Department of Translational Medicine - Hand Surgery, Lund University, Malmö, Sweden.
J Wrist Surg. 2021 Dec 31;12(3):261-264. doi: 10.1055/s-0041-1740488. eCollection 2023 Jun.
Treatment algorithm for disruption of the triangular fibrocartilage complex (TFCC) from the ulnar fovea includes direct TFCC repair, tendon reconstruction of the radioulnar ligaments, or a salvage procedure in cases with painful distal radioulnar joint (DRUJ) degeneration. We describe our surgical technique for reconstruction of the distal oblique bundle (DOB), to attain DRUJ stability in a young man, after failed attempts of direct TFCC reinsertion and radioulnar ligament reconstruction with the Adams procedure. Reconstruction of the central band of the interosseous membrane is well recognized for Essex-Lopresti injuries that demonstrate longitudinal forearm instability. The role for reconstruction/reinforcement of the DOB to restore DRUJ stability after TFCC injury has not gained the same recognition and needs further clarification. DOB reconstruction technique described is extra-articular and technically straightforward. We believe that the procedure could be considered for patients with an irreparable TFCC injury as a part of the treatment algorithm for younger patients, who otherwise would face a more extensive salvage procedure.

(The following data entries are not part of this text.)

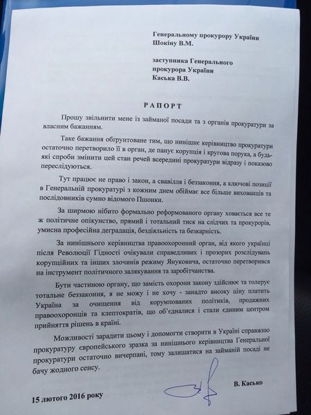 "Возможности помочь создать в Украине настоящую прокуратуру европейского образца нынешним руководством генеральной прокуратуры окончательно исчерпаны. Поэтому оставаться на занимаемой должности я не вижу никакого смысла", – говорится в рапорте.
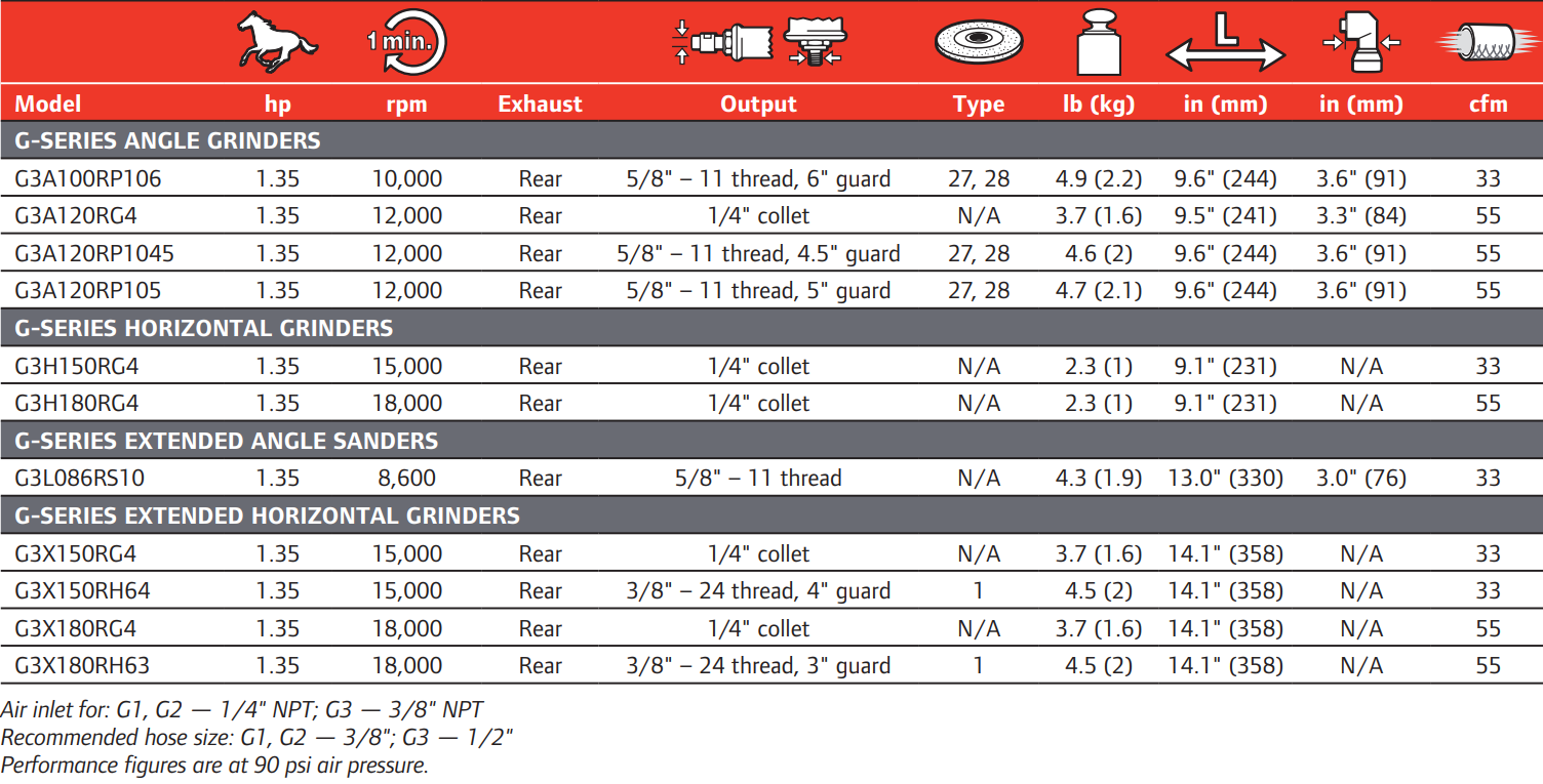 Type: Grinder | Power (HP): 1.35 | Free Speed (RPM): 18,000 | Output (in.): 3/8 – 24 Thread, 3 Guard | Exhaust: Rear | Length (in.): 14.1 | Air Consumption (CFM): 55 | Air Inlet Size (in.): 3/8 | Min Hose Size (in.): 1/2 | Disc Type: 1
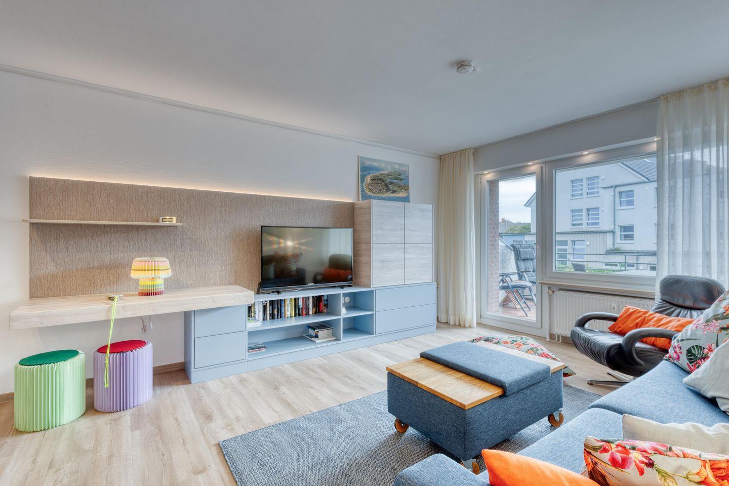 Die Ferienwohnung MeerZeit Norderney hat die Adresse Tannenstrasse, direkt in der „Einflugschneise“ vom Riffkieker und Surfcafe. Die Wohnung befindet sich im 1. Obergeschoss und verfügt über einen Balkon mit Morgen- und Mittagssonne, 2 Deckchairs und 2 Stühlen mit Hockern, jeweils mit Auflagen und einem großen Tisch. Sie ist gut 50qm groß, sehr gut geschnitten, luxeriös mit allem Komfort und Annehmlichkeiten ausgestattet, komplett renoviert, geschmackvoll und modern eingerichtet. Ein Schlafzimmer, das Bett mit 2 getrennten Matratzen, ein Bad mit kombinierter Badewanne/Dusche/WC. Fühlt Euch wohl in dem gemütlichen, großzügigen Ess- und Küchenbereich, das Wohnzimmer hat eine TV Schrankwand mit Schreibtischboard für Laptops oder Spielekonsolen. Wer gerne kocht, kann einen hervorragenden Backofen nutzen mit zuschaltbarer Mikrowelle und Gewürze können genutzt werden. Das Schlafsofa im Wohnzimmer ist sehr hochwertig und hat ebenfalls 2 getrennte Matratzen. Die Wohnung liegt recht zentral.
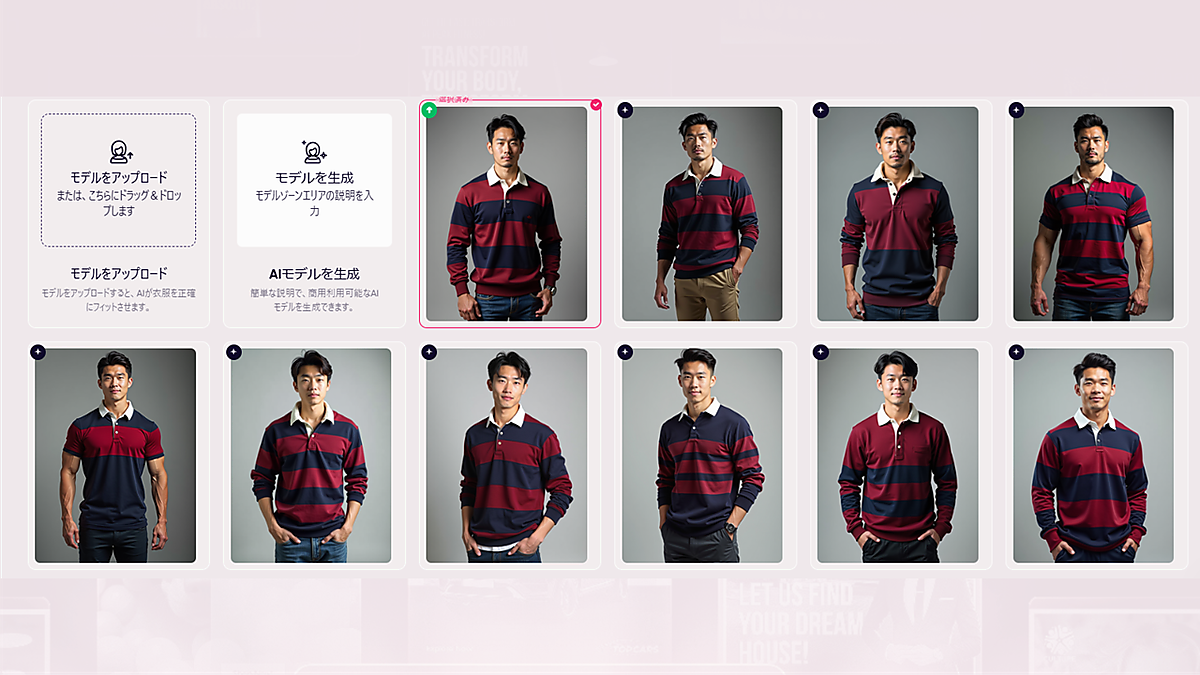 この中から理想とするモデルを選び、さらに商品画像のアイテムをAIモデルに着用させるといった微調整やブラッシュアップを加えると、30分~1時間程度で完成したという。
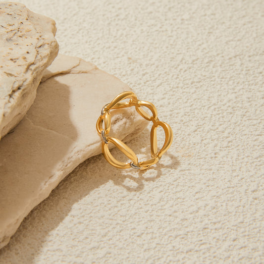 B廠 歐美款 金銀拼色流蘇鈦鋼鍍18K金戒指 批發 折扣@洽客服 25.09.W2「JDR0212003」
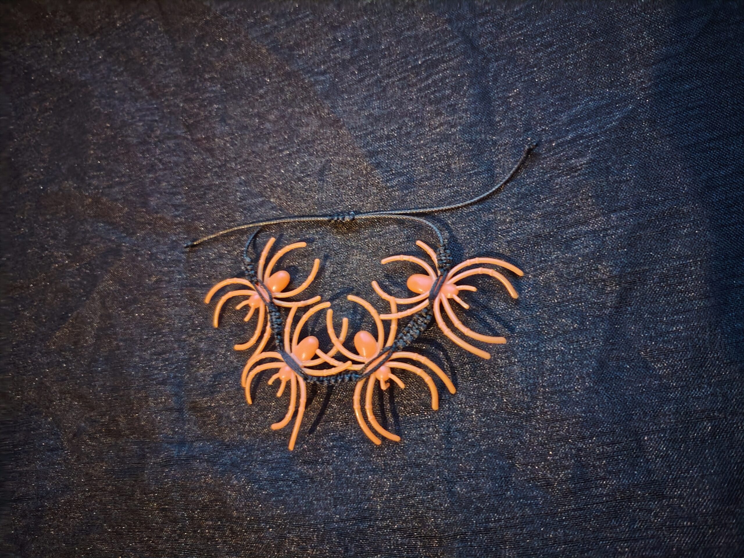 Le contraste saisissant entre le noir profond du macramé et l’éclat orangé des araignées en fait un accessoire parfait pour Halloween, les festivals, ou pour affirmer un style alternatif et créatif au quotidien.
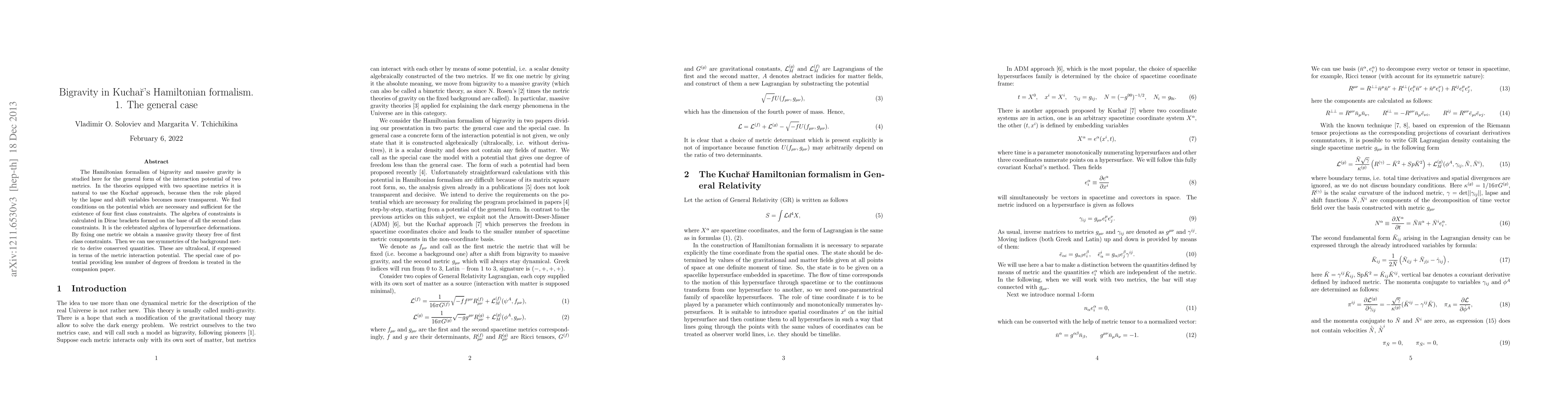 The Hamiltonian formalism of bigravity and massive gravity is studied here for the general form of the interaction potential of two metrics. In the theories equipped with two spacetime metrics it is natural to use the Kuchar approach, because then the role played by the lapse and shift variables becomes more transparent. We find conditions on the potential which are necessary and sufficient for the existence of four first class constraints. The algebra of constraints is calculated in Dirac brackets formed on the base of all the second class constraints. It is the celebrated algebra of hypersurface deformations. By fixing one metric we obtain a massive gravity theory free of first class constraints. Then we can use symmetries of the background metric to derive conserved quantities. These are ultralocal, if expressed in terms of the metric interaction potential. The special case of potential providing less number of degrees of freedom is treated in the companion paper.
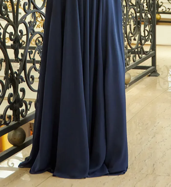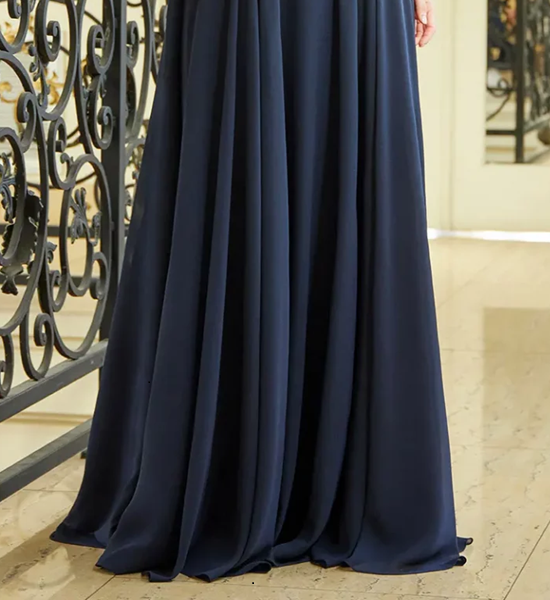 The mesh bodice transitions into the chiffon skirt smoothly by using the embellish
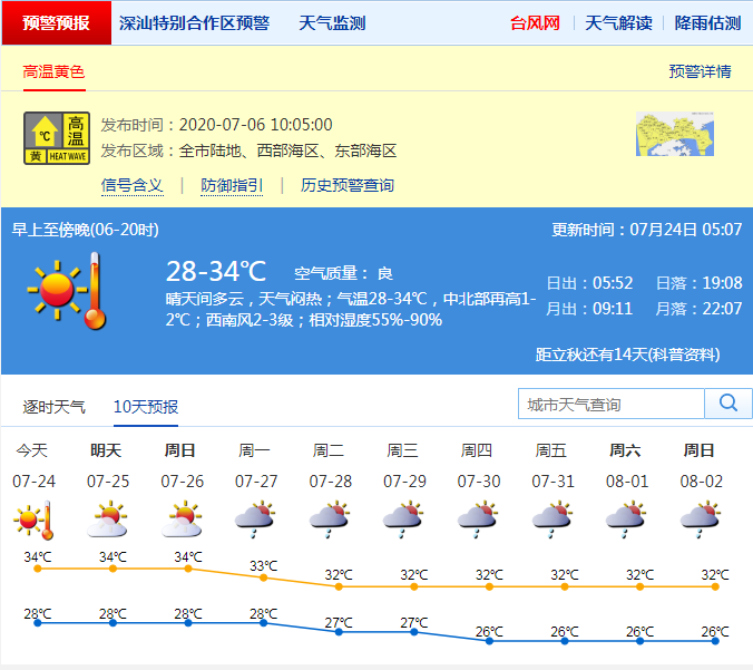 見圳客戶端·深圳新聞網(wǎng)2020年7月24日訊(見圳客戶端、深圳新聞網(wǎng)記者 陳婕 鄭曉鵬)老天熱“晴”不斷,今明兩天悶熱加劇。24日晴天間多云,天氣悶熱;氣溫28-34℃,中北部再高1-2℃;偏南風(fēng)3級;濕度55%-90%。25日晴天間多云,最高氣溫34-35℃,中北部可達(dá)36-37℃。26日持續(xù)晴熱,局地有短時(雷)陣雨;27-29日多云,有短時(雷)陣雨;30日有陣雨或雷陣雨。
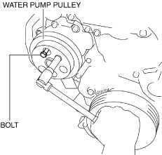 4.Remove the bolt used for locking the water pump pulley against rotation.
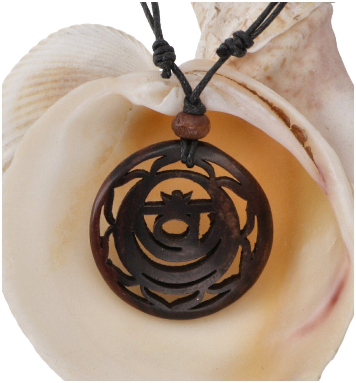 Wunderschönes, von Hand gefertigtes Chakra Amulett aus dunklem Sonoholz mit der Symbolik des Sakralchakras.
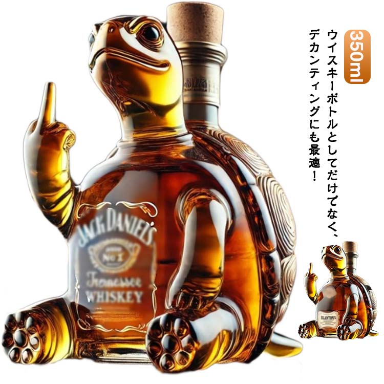 | ウイスキーボトルとしてだけでなく、デカンティングにも最適! ワインやウイスキーの風味を最大限に引き出し、保存から飲み頃まで、お酒を楽しむあらゆるシーンでご活用いただける便利なアイテムです。 亀をモチーフに「中指を立てたユーモラスなデザイン」が圧巻! バーカウンターや自宅のライブラリー、ウイスキーキャビネットに置くだけで視線を一瞬に惹きつけ、友人やゲストとの会話を弾ませるネタバレです。 | |
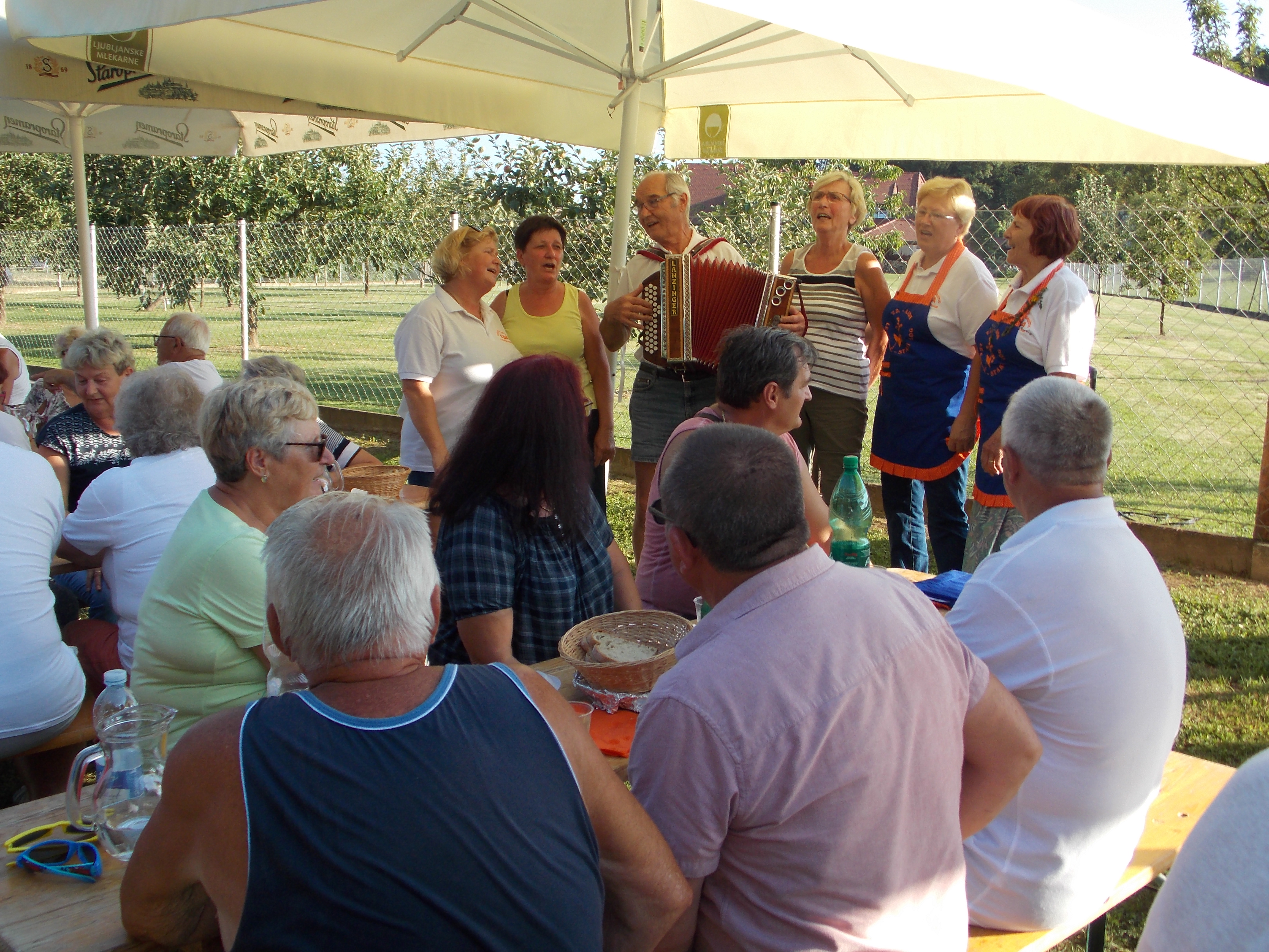 Prireditev je kljub vročemu vremenu potekala v veselem vzdušju, saj smo se ob dobri hrani in pijači, ter ob zvokih harmonike našega Mirka družili še dolgo v večer.
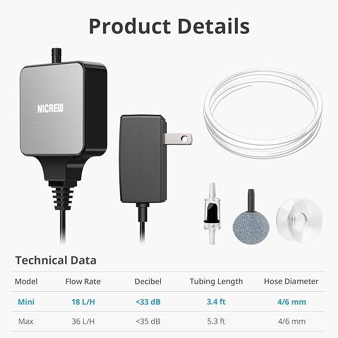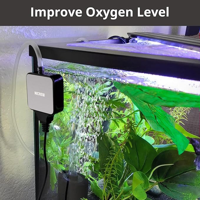 NICREW Nano Silent Aquarium Air Pump Black, Aquarium Aerator with Accessories for Up to 10 Gallon Fish Tank, Super Quiet, 0.3 L/min, 1.5 Watts

三角纤维软骨复合体(TFCC)从尺骨凹处断裂的治疗方案包括直接修复TFCC、重建桡尺韧带的肌腱,或针对伴有疼痛性下尺桡关节(DRUJ)退变的病例采取挽救手术。我们描述了在直接修复TFCC和采用亚当斯手术重建桡尺韧带失败后,为一名年轻男性重建远侧斜束(DOB)以实现DRUJ稳定的手术技术。骨间膜中央束的重建在表现出前臂纵向不稳定的埃塞克斯-洛普雷斯蒂损伤中已得到广泛认可。TFCC损伤后重建/加强DOB以恢复DRUJ稳定性的作用尚未得到同样的认可,需要进一步阐明。所描述的DOB重建技术是关节外的,技术上简单直接。我们认为,对于不可修复的TFCC损伤患者,该手术可作为年轻患者治疗方案的一部分加以考虑,否则这些患者将面临更广泛的挽救手术。